## Recorded information
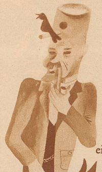
einen Vogel haben
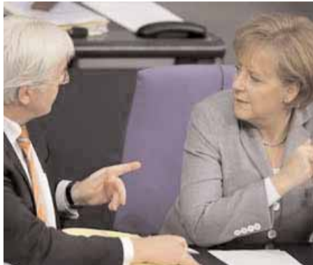
Οι συνεργάτες και αντίπαλοι Φ.Β.Στάινμαγερ και Α.Μέρκελ

Οι τελευταίες δημοσκοπήσεις δείχνουν ότι τα ποσοστά των Χριστιανοδημοκρατών (SDU) της καγκελαρίου Μέρκελ βρίσκονται στο χειρότερο σημείο από το Νοέμβριο του 2006, ενώ οι Σοσιαλδημοκράτες (SPD) βρίσκονται σε κατακόρυφη άνοδο.
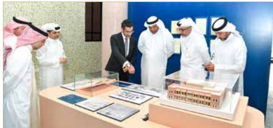
وزير شؤون البلديات والزراعة يجتمع برئيس وأعضاء جمعية التطوير العقاري البحرينية

تعزيز التعاون والتنسيق مع جمعية التطوير العقاري البحرينية، بما يساهم في دعم مسيرة التنمية العمرانية وتحقيق الأهداف التنموية المنشودة، إلى جانب رفع جودة الخدمات المقدمة للمواطنين والمقيمين والمستثمرين. (اقرأ الموضوع كاملاً بالموقع الإلكتروني).
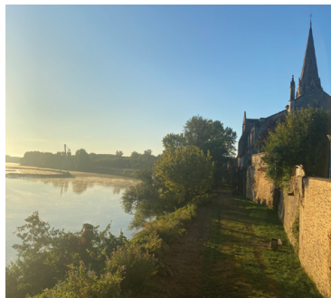
Promenade vers le Port de Langon

## What you need to do
The expected output is the full data above, reproduced exactly with no images.

## Answer to this task
einen Vogel haben
Οι συνεργάτες και αντίπαλοι Φ.Β.Στάινμαγερ και Α.Μέρκελ

Οι τελευταίες δημοσκοπήσεις δείχνουν ότι τα ποσοστά των Χριστιανοδημοκρατών (SDU) της καγκελαρίου Μέρκελ βρίσκονται στο χειρότερο σημείο από το Νοέμβριο του 2006, ενώ οι Σοσιαλδημοκράτες (SPD) βρίσκονται σε κατακόρυφη άνοδο.
وزير شؤون البلديات والزراعة يجتمع برئيس وأعضاء جمعية التطوير العقاري البحرينية

تعزيز التعاون والتنسيق مع جمعية التطوير العقاري البحرينية، بما يساهم في دعم مسيرة التنمية العمرانية وتحقيق الأهداف التنموية المنشودة، إلى جانب رفع جودة الخدمات المقدمة للمواطنين والمقيمين والمستثمرين. (اقرأ الموضوع كاملاً بالموقع الإلكتروني).
Promenade vers le Port de Langon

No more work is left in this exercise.